The Summit of the Gods tells the story of a Japanese reporter living in Kathmandu named Fukamachi, who discovers a camera supposedly belonging to George Mallory and Andrew Irvine, who died climbing Mount Everest on June 8, 1924. This discovery leads Fukumachi to enter the obsessive and dangerous world of mountain climbers.
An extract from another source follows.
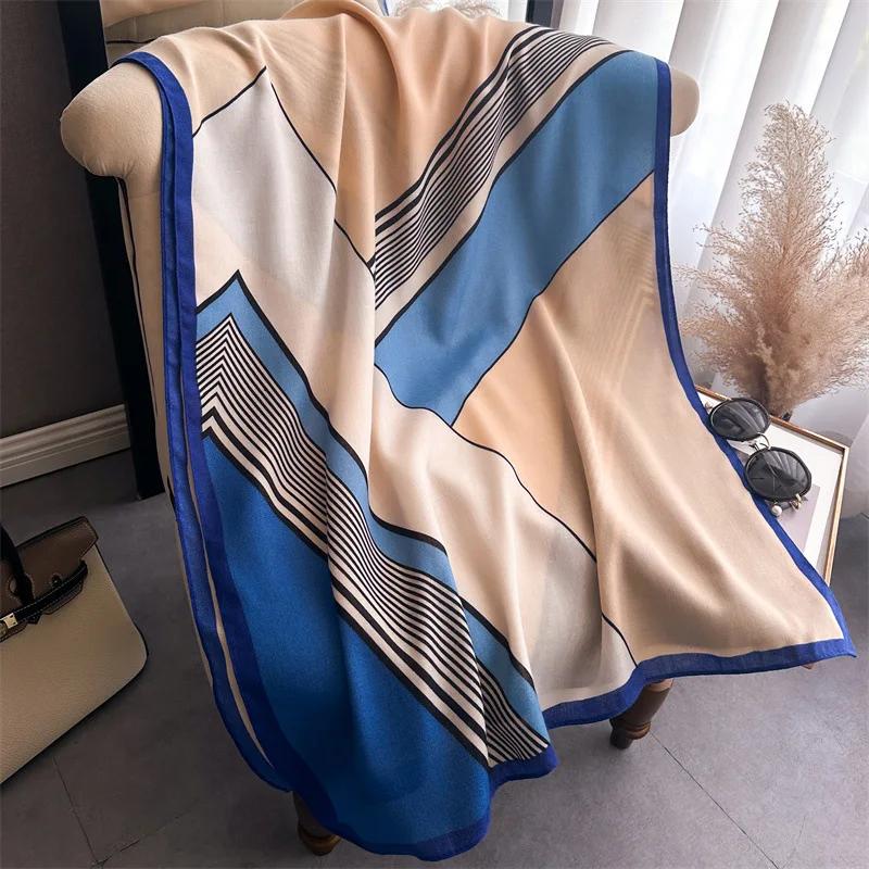 Новые Роскошные Шарфы Классический Британский Шелковый Шарф Женский Хлопково-Льняной Шаль для Защиты от Солнца Головной Платок Шаль Модные Обмотки Фуляр 178X66cm

Yumemakura's novel was published in 1998, with Taniguchi's five-volume manga adaptation serialized in Business Jump from 2000 to 2003. A Japanese live-action film adaptation titled Everest: The Summit of the Gods was released in 2016, a year before Jiro Taniguchi's death.
Taniguchi drew inspiration from French comics in his manga art and he was, in turn, celebrated in France, being knighted a Chevalier of the Ordre des Arts et des Lettres in 2011 and commissioned to write a manga for the Louvre, Guardians of the Louvre, in 2014. In a Work in Progress presentation for The Summit of the Gods film at the 2020 Annecy International Animation Film Festival, Imbert and his animation team paid tribute to Taniguchi and discussed the influence of other Japanese anime and manga artists on the film adaptation's style, including Satoshi Kon.
The Summit of the Gods had its world premiere in the Cinema de la Plage section at the 2021 Cannes Film Festival, where it received positive reviews; Alex Billington of FirstShowing.net declared it "an instant personal favorite" and "one of the best mountain climbing movies I have ever seen." The movie will be released theatrically in France on September 22. With Netflix giving the movie its international release in the midst of awards season, it seems likely The Summit of the Gods could be making a serious push for the Best Animated Feature Oscar.